With all images omitted, write out the records word for word.

Data extracted from a collection:
━━━━━━━━

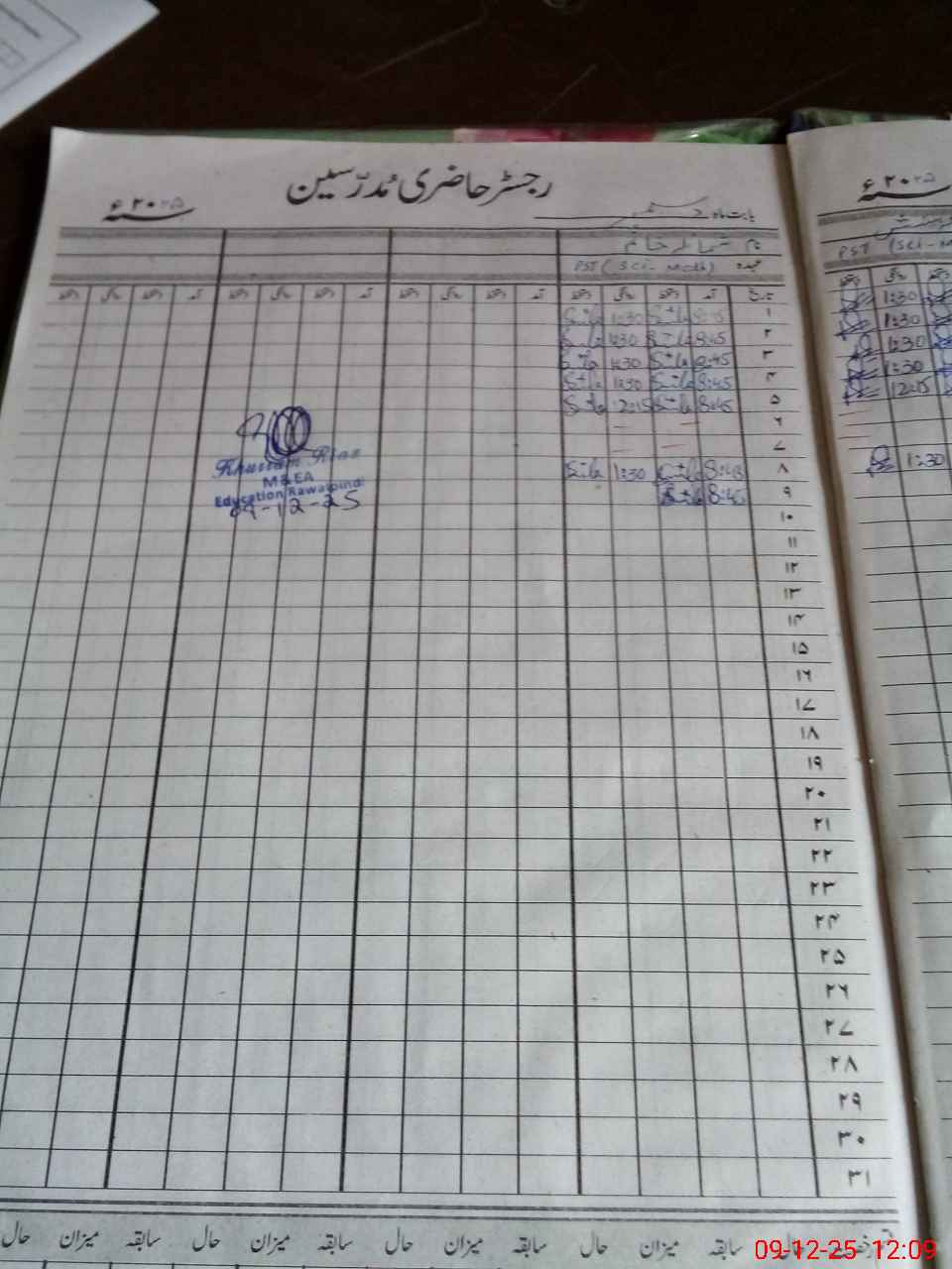 | CNIC | Full Name | Designation | R/C | Absence During Last Calender Month |
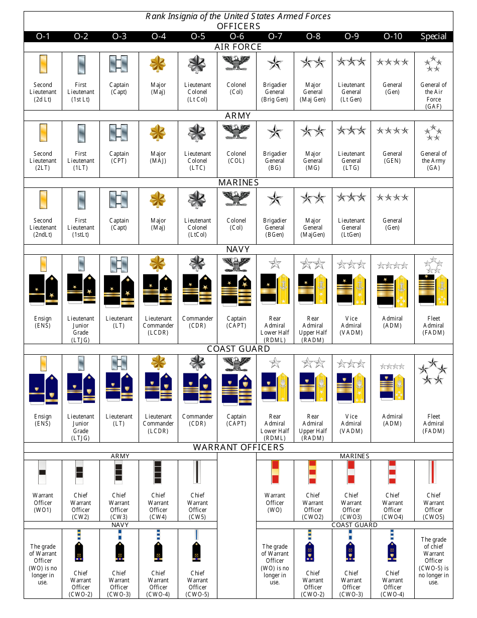 Military Officer Rank Chart Printable
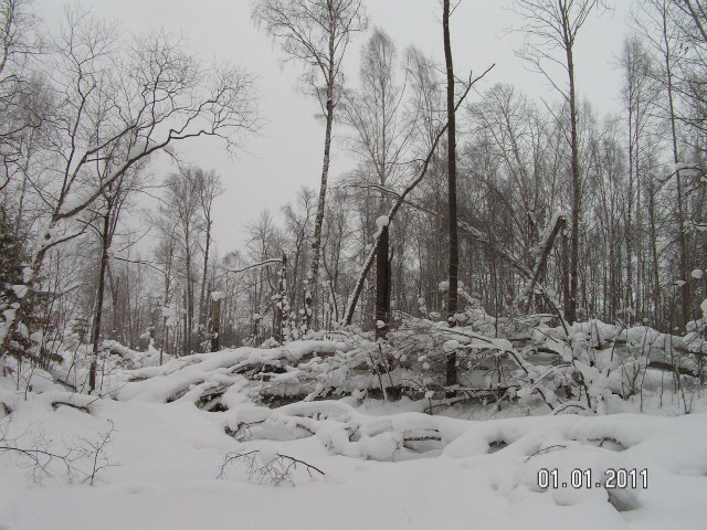 | Пошёл на лыжах прогуляться, протока завалена деревьями и снегом. Да ещё и летний ураган. |
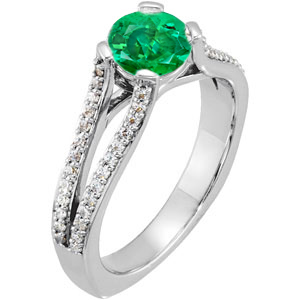 Unique Split Shank 4-Prong set with 1.00 Carat 6mm Emerald Gemstone Engagement Ring
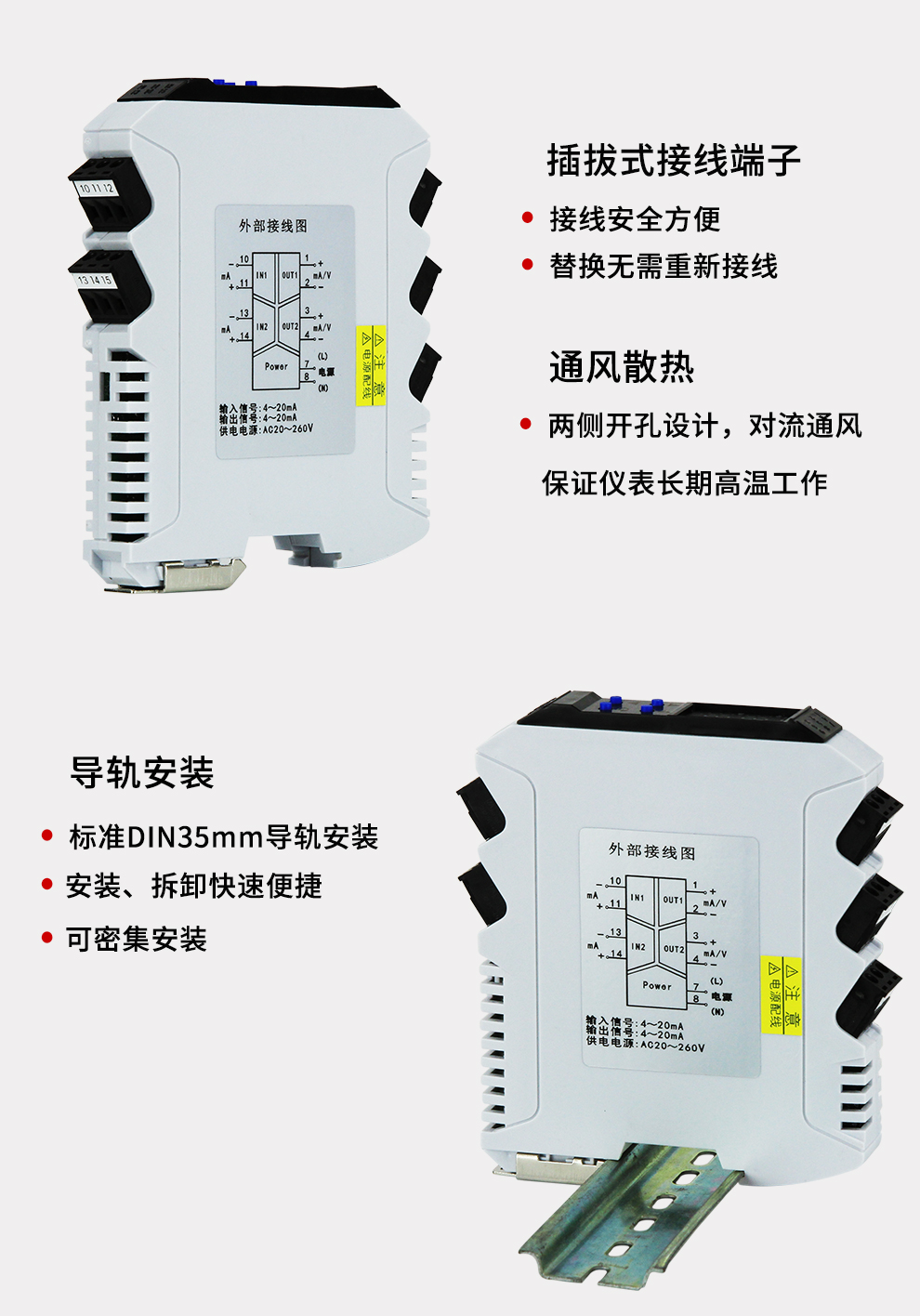 虹潤(rùn)公司是專業(yè)生產(chǎn)隔離器的國(guó)家專精特新“小巨人”企業(yè)。生產(chǎn)的導(dǎo)軌式智能隔離器 ,具有高清顯示單元,參數(shù)可設(shè)置,寬電源供電,響應(yīng)快,帶RS485通訊等特點(diǎn)。產(chǎn)品獲得信號(hào)隔離器、一種二端子模塊、無(wú)源信號(hào)隔離器等3項(xiàng)國(guó)家發(fā)明專利,主持起草現(xiàn)場(chǎng)設(shè)備工具(FDT)接口規(guī)范、工業(yè)過程測(cè)量和控制系統(tǒng)用隔離式安全柵、工業(yè)過程測(cè)量和控制系統(tǒng)用配電器等3項(xiàng)國(guó)家標(biāo)準(zhǔn),以及通信系統(tǒng)多通道數(shù)據(jù)采集控制終端規(guī)范軍用標(biāo)準(zhǔn),參與國(guó)際5G標(biāo)準(zhǔn)制定,取得智能隔離器等2項(xiàng)相關(guān)軟件著作權(quán)。產(chǎn)品廣泛應(yīng)用于電力、石化,冶金、制藥、水處理、機(jī)械配套等各種工業(yè)現(xiàn)場(chǎng)。
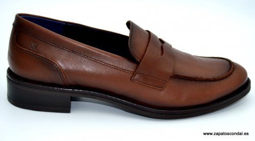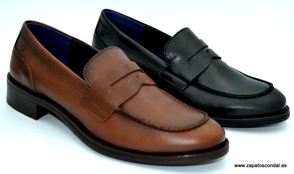 Dorking modelo D8710. Zapato mocasín de piel con adorno antifaz en la pala. Planta de piel, forro micro traspirable. Suela de caucho con tacón bajo. Disponible en negro y marrón nuez. Gran calidad y comodidad. Fabricado en Arnedo-España por Fluchos.
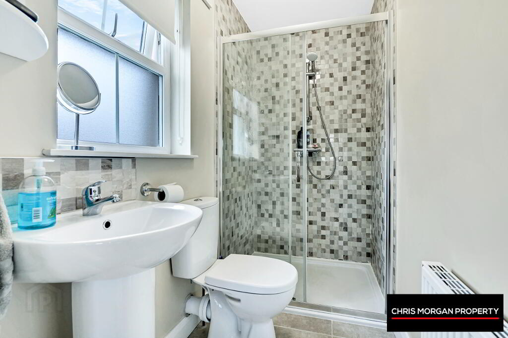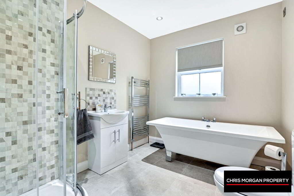 FAMILY BATHROOM 2.9 X 2.4M WITH TILED FLOOR , WC, BATH , VANITY UNIT AND WHB AND SHOWER UNIT .
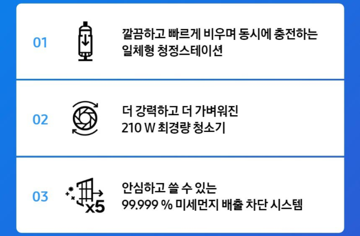 이 청정 스테이션이 비스포크 제트의 가장 큰 특징으로 일체형입니다. 충전과 먼지통을 비워주는 역할을 하는데 에어 펄스 기술로 먼지 날림의 거의 없고 세어 나올 수 있는 미세먼지를 차단시킵니다. 청정 스테이션의 먼지봉투를 통째로 빼내어 버릴 수 있도록 편의성이 제공되고 있어 청소후 먼저처리에 대한 고민이 없습니다. 비싼 출고가에 대한 납득할만한 이유로도 보여집니다. 청정스테이션도 마찬가지로 제10-2208334호에 특허등록이 되어 있습니다. 청정스테이션의 먼지 흡입 모터 또한 평생 보증을 내걸었습니다.

━━━━━━━━

**PROBLEM SOLUTION:**
 | CNIC | Full Name | Designation | R/C | Absence During Last Calender Month |
 Military Officer Rank Chart Printable
 | Пошёл на лыжах прогуляться, протока завалена деревьями и снегом. Да ещё и летний ураган. |
 Unique Split Shank 4-Prong set with 1.00 Carat 6mm Emerald Gemstone Engagement Ring
 虹潤(rùn)公司是專業(yè)生產(chǎn)隔離器的國(guó)家專精特新“小巨人”企業(yè)。生產(chǎn)的導(dǎo)軌式智能隔離器 ,具有高清顯示單元,參數(shù)可設(shè)置,寬電源供電,響應(yīng)快,帶RS485通訊等特點(diǎn)。產(chǎn)品獲得信號(hào)隔離器、一種二端子模塊、無(wú)源信號(hào)隔離器等3項(xiàng)國(guó)家發(fā)明專利,主持起草現(xiàn)場(chǎng)設(shè)備工具(FDT)接口規(guī)范、工業(yè)過程測(cè)量和控制系統(tǒng)用隔離式安全柵、工業(yè)過程測(cè)量和控制系統(tǒng)用配電器等3項(xiàng)國(guó)家標(biāo)準(zhǔn),以及通信系統(tǒng)多通道數(shù)據(jù)采集控制終端規(guī)范軍用標(biāo)準(zhǔn),參與國(guó)際5G標(biāo)準(zhǔn)制定,取得智能隔離器等2項(xiàng)相關(guān)軟件著作權(quán)。產(chǎn)品廣泛應(yīng)用于電力、石化,冶金、制藥、水處理、機(jī)械配套等各種工業(yè)現(xiàn)場(chǎng)。
 Dorking modelo D8710. Zapato mocasín de piel con adorno antifaz en la pala. Planta de piel, forro micro traspirable. Suela de caucho con tacón bajo. Disponible en negro y marrón nuez. Gran calidad y comodidad. Fabricado en Arnedo-España por Fluchos.
 FAMILY BATHROOM 2.9 X 2.4M WITH TILED FLOOR , WC, BATH , VANITY UNIT AND WHB AND SHOWER UNIT .
 이 청정 스테이션이 비스포크 제트의 가장 큰 특징으로 일체형입니다. 충전과 먼지통을 비워주는 역할을 하는데 에어 펄스 기술로 먼지 날림의 거의 없고 세어 나올 수 있는 미세먼지를 차단시킵니다. 청정 스테이션의 먼지봉투를 통째로 빼내어 버릴 수 있도록 편의성이 제공되고 있어 청소후 먼저처리에 대한 고민이 없습니다. 비싼 출고가에 대한 납득할만한 이유로도 보여집니다. 청정스테이션도 마찬가지로 제10-2208334호에 특허등록이 되어 있습니다. 청정스테이션의 먼지 흡입 모터 또한 평생 보증을 내걸었습니다.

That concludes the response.